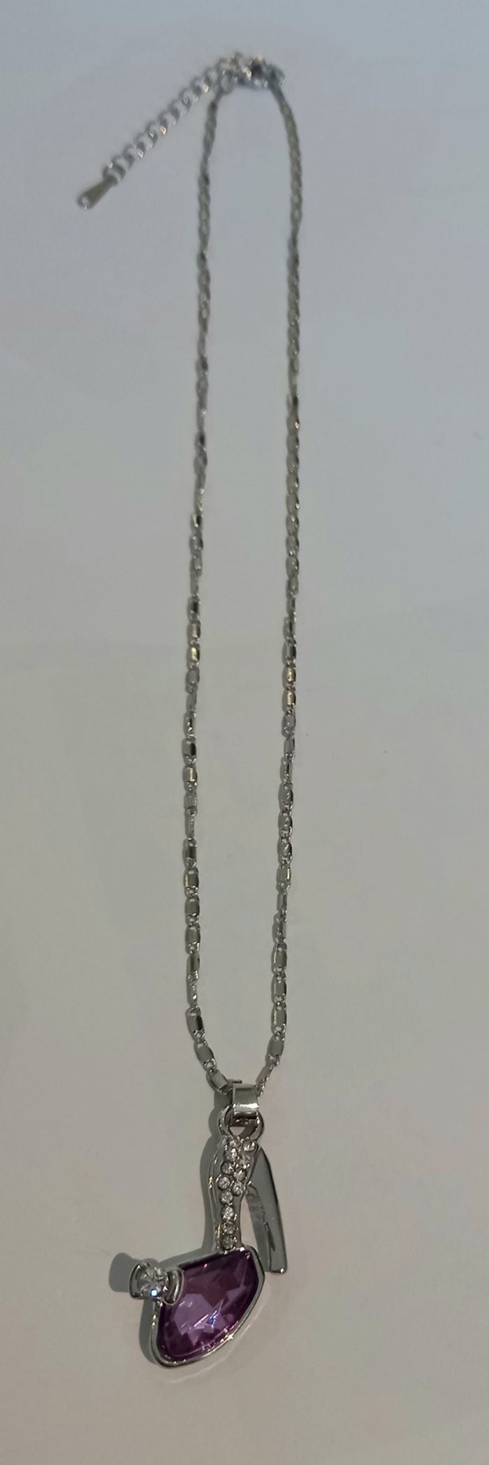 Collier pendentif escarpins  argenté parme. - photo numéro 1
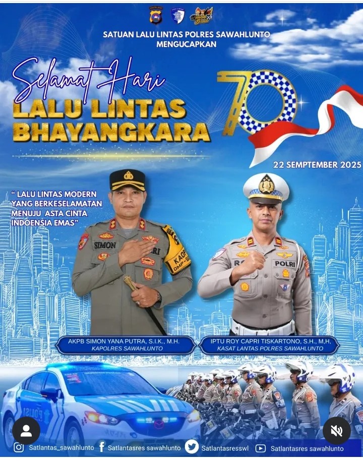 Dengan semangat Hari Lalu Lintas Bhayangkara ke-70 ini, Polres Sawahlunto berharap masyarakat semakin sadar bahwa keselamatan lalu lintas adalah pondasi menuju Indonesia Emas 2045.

•••

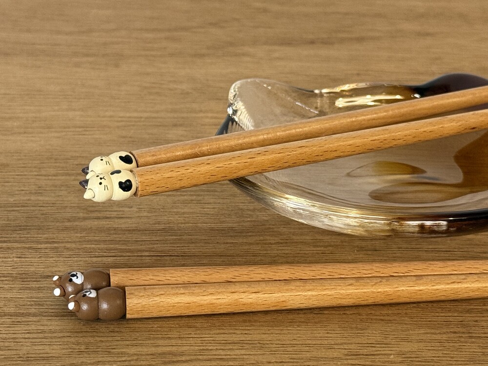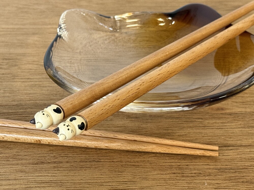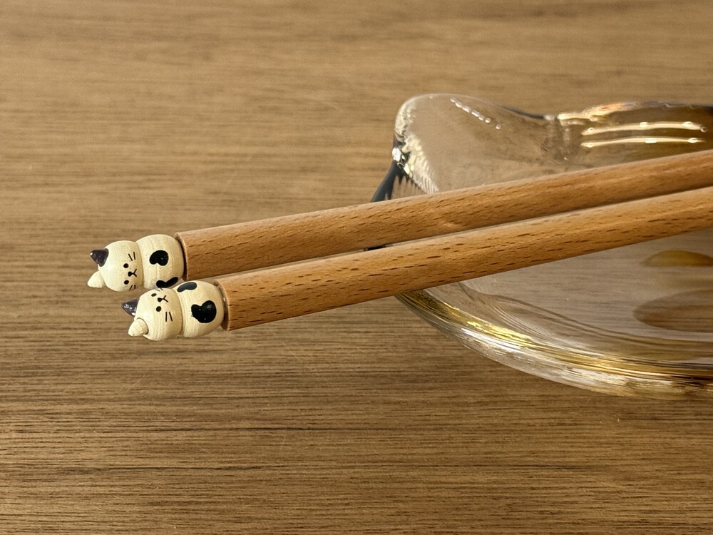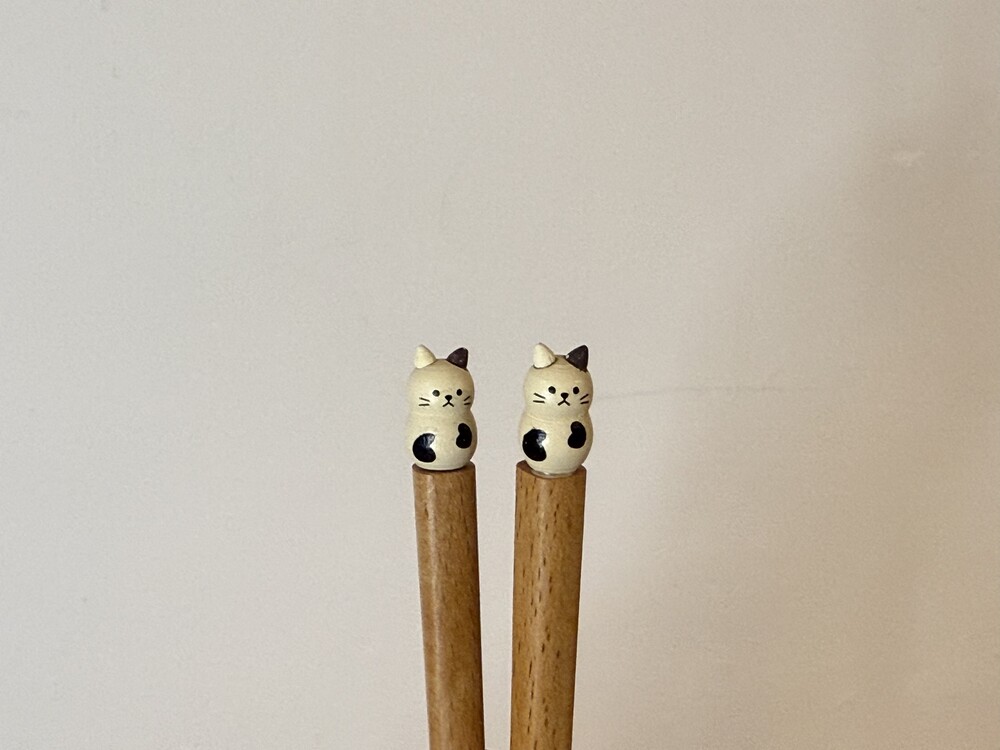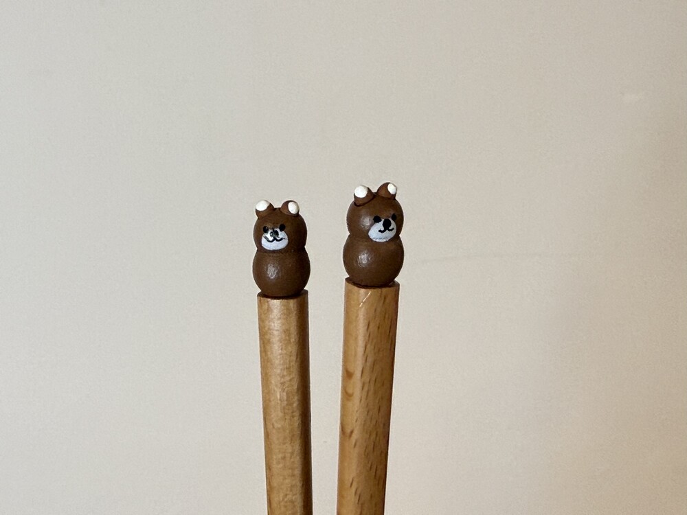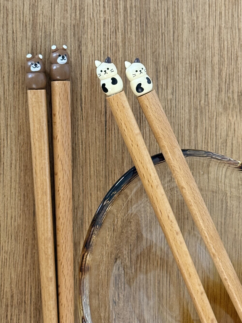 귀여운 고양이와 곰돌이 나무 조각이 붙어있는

•••

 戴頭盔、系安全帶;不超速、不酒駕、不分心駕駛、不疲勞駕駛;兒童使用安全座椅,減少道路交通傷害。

•••

[REQUIREMENT]: To complete this exercise, transcribe exactly the lines above from the one that holds "Collier pendentif escarpins" through the one that holds "Dengan semangat Hari". Pictures stay out.

[WRITTEN RESPONSE]:
 Collier pendentif escarpins  argenté parme. - photo numéro 1
 Dengan semangat Hari Lalu Lintas Bhayangkara ke-70 ini, Polres Sawahlunto berharap masyarakat semakin sadar bahwa keselamatan lalu lintas adalah pondasi menuju Indonesia Emas 2045.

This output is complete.